CephOSDSlowOps

An Object Storage Device (OSD) with slow requests is every OSD that is not able to service the I/O operations per second (IOPS) in the queue within the time defined by the osd_op_complaint_time parameter. By default, this parameter is set to 30 seconds.

Impact: Medium

Diagnosis

More information about the slow requests can be obtained using the Openshift console.

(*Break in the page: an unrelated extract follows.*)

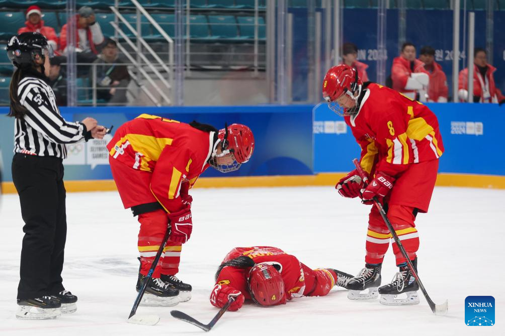 Kou Chenfei (Bottom) of China falls down during the Women's 3-on-3 Tournament Bronze Medal Game of ice hockey event between China and Italy at the Gangwon 2024 Winter Youth Olympic Games in Gangneung, South Korea, Jan. 25, 2024. (Xinhua/Xu Yanan)

Access the OSD pod terminal, and run the following commands:
  1. $ ceph daemon osd.<id> ops
    
  2. $ ceph daemon osd.<id> dump_historic_ops
Note: The number of the OSD is seen in the pod name. For example, in rook-ceph-osd-0-5d86d4d8d4-zlqkx, <0> is the OSD.

Mitigation

The main causes of the OSDs having slow requests are:
  • Problems with the underlying hardware or infrastructure, such as, disk drives, hosts, racks, or network switches. Use the Openshift monitoring console to find the alerts or errors about cluster resources. This can give you an idea about the root cause of the slow operations in the OSD.
  • Problems with the network. These problems are usually connected with flapping OSDs. See Flapping OSDs within the IBM Storage Ceph documentation..
  • If it is a network issue, escalate to IBM Support.
  • System load. Use the Openshift console to review the metrics of the OSD pod and the node which is running the OSD. Adding or assigning more resources can be a possible solution.